Roxette singles chronology
| "Way Out" (2011) | "It's Possible" (2012) | "The Sweet Hello, The Sad Goodbye" (2012) |

Music video
- "It's Possible" on YouTube

= It's Possible =

"It's Possible" is a song by Swedish pop music duo Roxette, released on 16 March 2012 as the lead single from their ninth studio album, Travelling. Two versions of the track appeared on the album; "Version One" was released as the single. The song was written by Per Gessle, and its music video was directed by David Nord and Boris Nawratil. It was not as commercially successful as the duo's preceding lead singles, appearing on several airplay charts but failing to appear on any national sales charts with the exception of the German Singles Chart, where it peaked at number 64. As of 2018, it remains the band's final song to chart in that country.

==Composition and style==
Two versions of the song appear on parent album Travelling: "Version One" was released as a single, and features synthesizer, electric guitar, and processed vocal effects; "Version Two" features acoustic guitar and live drums.

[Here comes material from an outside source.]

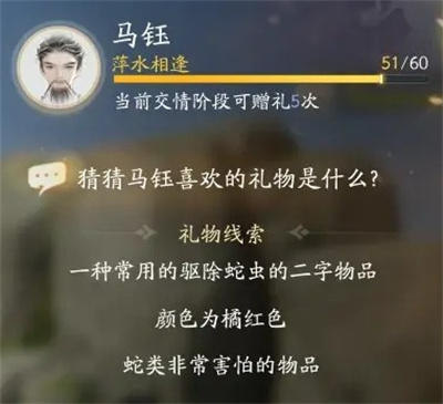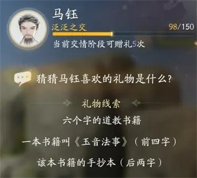 射雕中每一个侠侍喜欢的礼物都是不同的,玩家赠送对应的礼物可以提升侠侍好感,有很多玩家不知道马钰喜欢的礼物是什么,以下为大家进行详细介绍。

The first version has a duration of two minutes and 36 seconds, while the second version lasts 8 seconds longer. The track was written by Per Gessle, who described the difference between the two recordings: "The first version we did in sort of a "She's Got Nothing On (But the Radio)" style, pretty hard with similar guitars. But then, it [was written] as kind of a soft song, so I thought we should do like a summer style". He went on to compare the second version to the work of his previous band Gyllene Tider – specifically "Hjärta utan hem" from 2004's Finn 5 fel! – and said "We took that kind of arrangement and it works really well, [the second version has] more like a sixties feel to it. We couldn't decide which one we preferred, so we actually used both." Stefan Weber of Monsters and Critics contrasted the two versions, calling the first a "stale Erasure copy", and the second a "beautiful and timeless pop number. ... And if you had to give Roxette a hint for continued success, then it's this: please focus on the songs and the harmonious vocals—and not on the over-produced studio sound."

Both versions of the song have an allegro-ranged tempo of 122 beats per minute. According to Ultimate Guitar, the introduction and verses each consist of a B–F♯–E–B–F♯–E–B sequence, and the chorus is made up of two repetitions of E♭m–B–F♯–C♯, and ends with an extended sequence of E–F–F♯–F–F♯–F–F♯. The bridge is composed of E♭m–F♯–C♯–G♭m–E♭m–F♯–C♯–B, followed by a brief interlude consisting of two repetitions of a B–F♯–E–B–F♯–E–B sequence.

==Release and promotion==
A two-track CD single featuring a demo version of the song as a b-side was released on 16 March. The music video to "It's Possible" was directed by David Nord and Boris Nawratil, and uploaded onto Vimeo on 3 April. It consists of behind-the-scenes footage of Marie Fredriksson and Per Gessle during photography sessions for the Travelling artwork, and contains computer-generated imagery created by Jonas Dahlbäck of the band travelling on an airplane. A 12-track promotional EP – containing previously released singles, live recordings and remixes – was released exclusively in Oriflame outlets throughout Russia and Ukraine at the beginning of June 2012.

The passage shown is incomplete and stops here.